* _Your goal_: Without the pictures, copy all the entries below exactly.

* _Collection entries_:
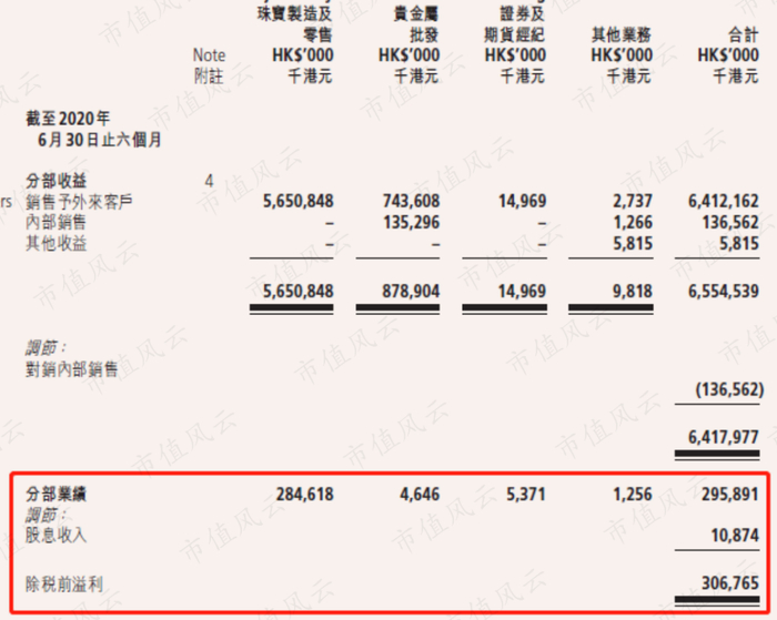 依照公司披露的分部业绩,这个就是调节股息收入前的除税前利润。珠宝制造及零售业务的除税前利润为2.8亿港元,占公司整体的96.2%,贡献的利润占比比营收占比还要高。
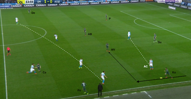 "Son" avant-centre reste à côté de Kolo pendant que l'autre est discipliné et s'en va chercher Perrin, ce qui libère un angle de passe vers Aït Bennasser. M'Vila est recherché par un milieu axial, ce qui permet aux Stéphanois de trouver Cabella et Polomat à gauche - dans deux passes les deux premières lignes du bloc marseillais ont été franchies. Cabella laisse le ballon aller vers le côté et fait un appel dans l'axe :
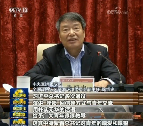 21日,中央宣講團(tuán)成員、全國(guó)政協(xié)人口資源環(huán)境委員會(huì)副主任徐紹史來(lái)到山東大學(xué)作宣講。
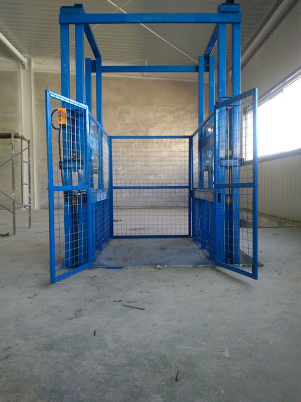 導軌式升降機是貨梯。導軌式升降機也可加裝電動門。在升降機到達指定樓層后電動門可以自行打開,電動門在打開狀態下升降機停止上下升降運行,保證操作者使用時的安全。當然也可以不加裝電動門,因為每層的控制按鈕都配有應急按鈕開關,在向升降機上裝卸貨物時可關閉應急開關,臨時停止液壓升降機的升降運行,以免有其他人員在別的樓層升降載貨臺面,從而保證使用者的安全。
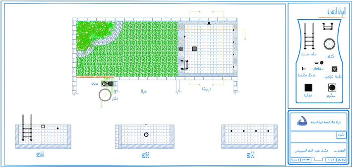 متخصصون في مجال المسابح: تصميم وتنفيذ مسابح السكيمر والإنفينيتي والاوفر فلو ، الساونا والجاكوزي والبخار واعمال النوافير والشلالات.

* _Reply_:
 依照公司披露的分部业绩,这个就是调节股息收入前的除税前利润。珠宝制造及零售业务的除税前利润为2.8亿港元,占公司整体的96.2%,贡献的利润占比比营收占比还要高。
 "Son" avant-centre reste à côté de Kolo pendant que l'autre est discipliné et s'en va chercher Perrin, ce qui libère un angle de passe vers Aït Bennasser. M'Vila est recherché par un milieu axial, ce qui permet aux Stéphanois de trouver Cabella et Polomat à gauche - dans deux passes les deux premières lignes du bloc marseillais ont été franchies. Cabella laisse le ballon aller vers le côté et fait un appel dans l'axe :
 21日,中央宣講團(tuán)成員、全國(guó)政協(xié)人口資源環(huán)境委員會(huì)副主任徐紹史來(lái)到山東大學(xué)作宣講。
 導軌式升降機是貨梯。導軌式升降機也可加裝電動門。在升降機到達指定樓層后電動門可以自行打開,電動門在打開狀態下升降機停止上下升降運行,保證操作者使用時的安全。當然也可以不加裝電動門,因為每層的控制按鈕都配有應急按鈕開關,在向升降機上裝卸貨物時可關閉應急開關,臨時停止液壓升降機的升降運行,以免有其他人員在別的樓層升降載貨臺面,從而保證使用者的安全。
 متخصصون في مجال المسابح: تصميم وتنفيذ مسابح السكيمر والإنفينيتي والاوفر فلو ، الساونا والجاكوزي والبخار واعمال النوافير والشلالات.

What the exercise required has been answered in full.